ROLAP, MOLAP and HOLAP


There are three different types of OLAP technology:

ROLAP stands for Relational-OLAP as it stores all the data in relational database. When we run the MDX queries it retrieves the data from the relational database using a corresponding SQL query. This makes the query processing to be slow but it does provide faster processing time.

MOLAP stands for Multidimensional-OLAP as it stores all the data in the multidimensional data structure of the Analysis Services. It has slow processing time but provides better query performance than ROLAP. MOLAP storage mode is most widely used as OLAP is meant to provide the faster query performance.

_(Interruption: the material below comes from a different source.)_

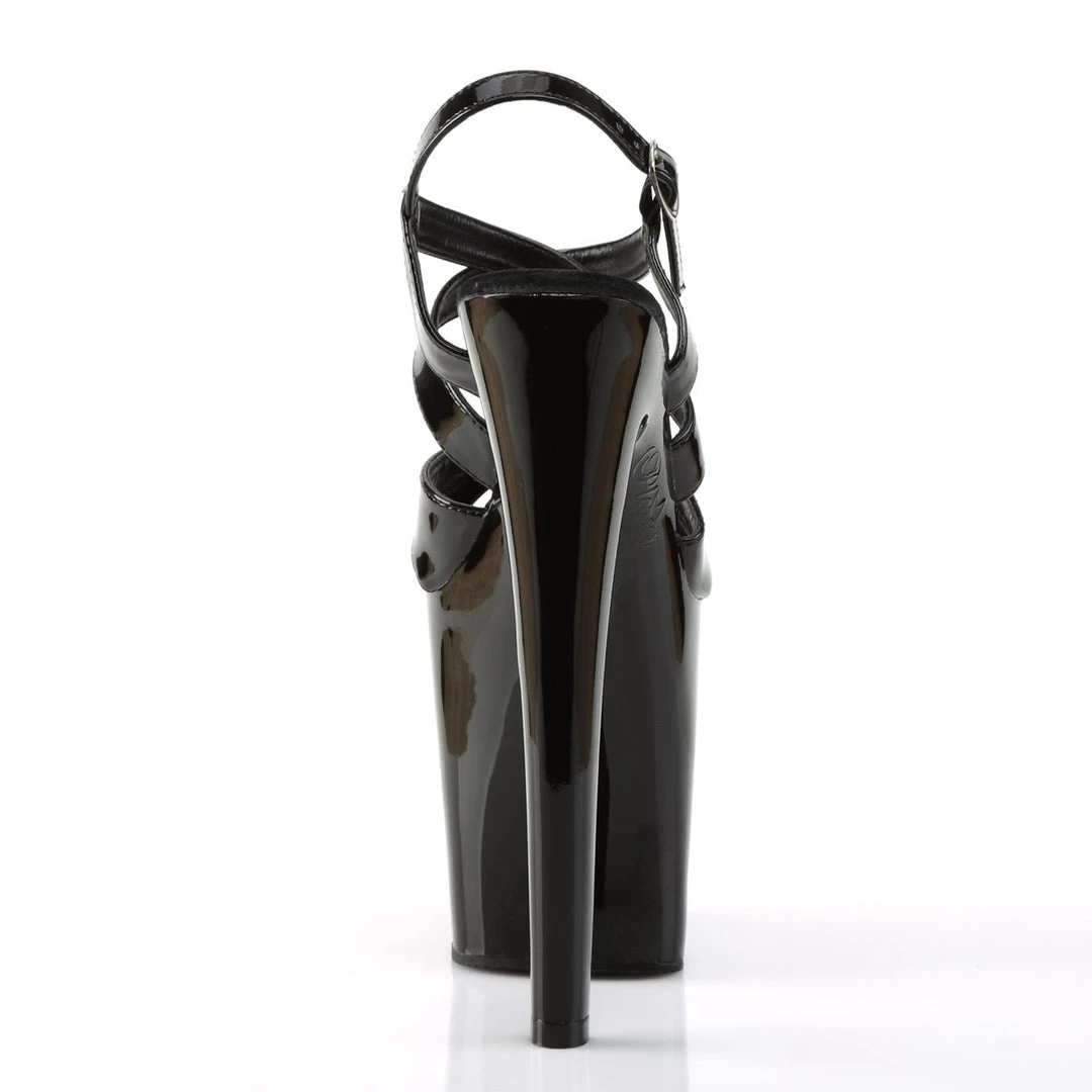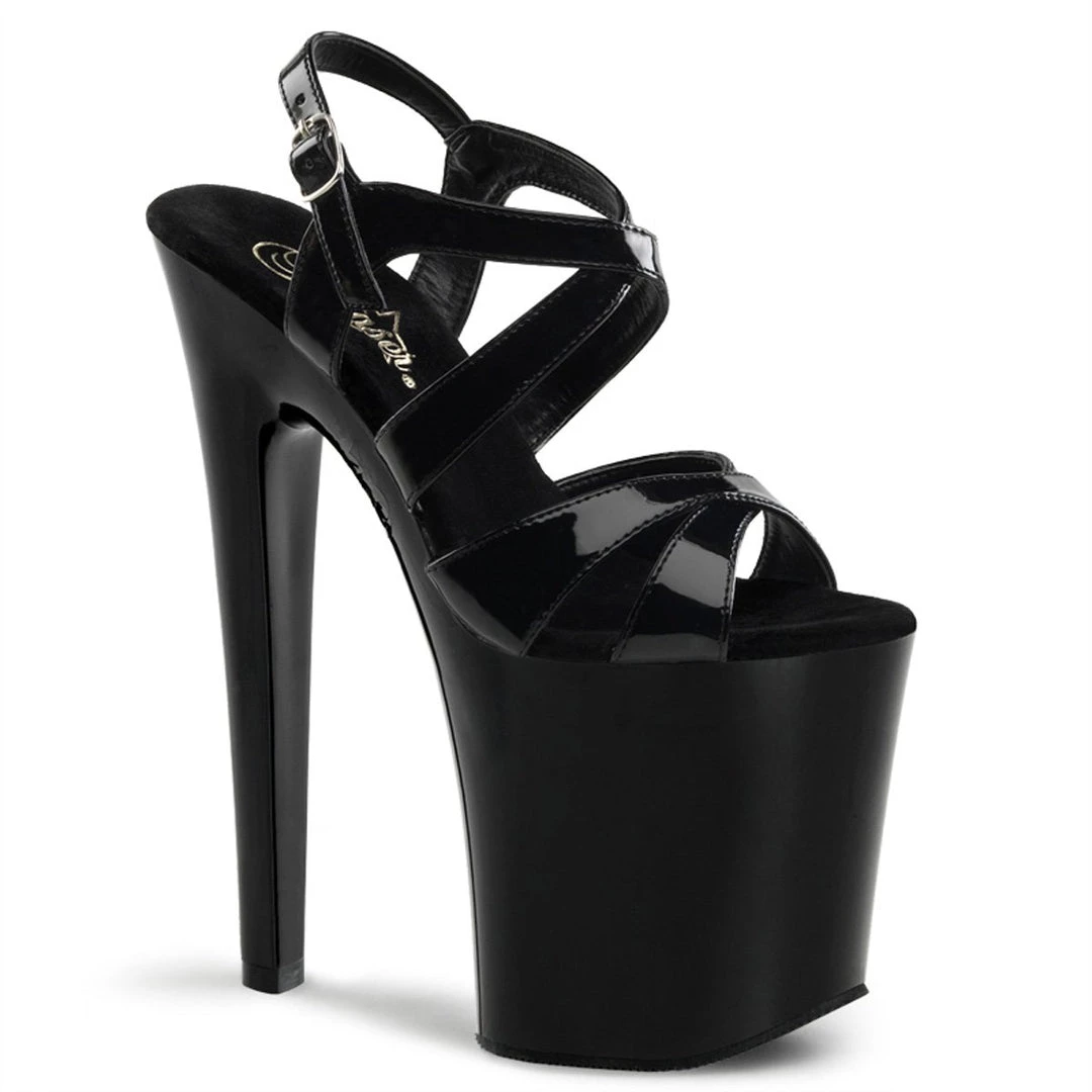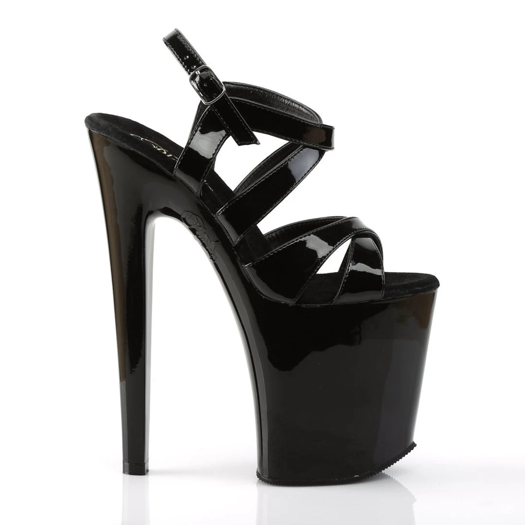 This daring style from Pleaser takes fashion to the Xtreme. The dramatic sandal features slender criss-crossing ankle and vamp straps atop its sky-high heel and platform. Jaws are sure to hit the floor as you parade by in this head turner.

HOLAP stands for Hybrid-OLAP as it uses a combination of both the ROLAP and MOLAP. It stores only the indexes and aggregations in the multidimensional form while the rest of the data is stored in the relational database.

Mar 5, 2010

Time Dimension in Data Warehouse


In any data warehouse date and time plays a vital role in keeping track of when a particular event has taken place. However, we do not store the time information in the same way as we do in the OLTP database. In a dimensional model a separate time dimension is normally used. This time dimension contains separate attributes for year, month, and day and so on. This time dimension is initially populated with the data of a particular period like ten years. Whenever an event/transaction needs to be recorded in the fact table the time key from this dimension for the corresponding time is obtained from the time dimension.

Surrogate key for time dimension is auto incremented just like any other dimension but it is always helpful to have it the right format like for date: 05-Mar-2010 the time key should be 05032010. This proves to be extremely useful as queries can be done directly based on the time key and thus improves performance.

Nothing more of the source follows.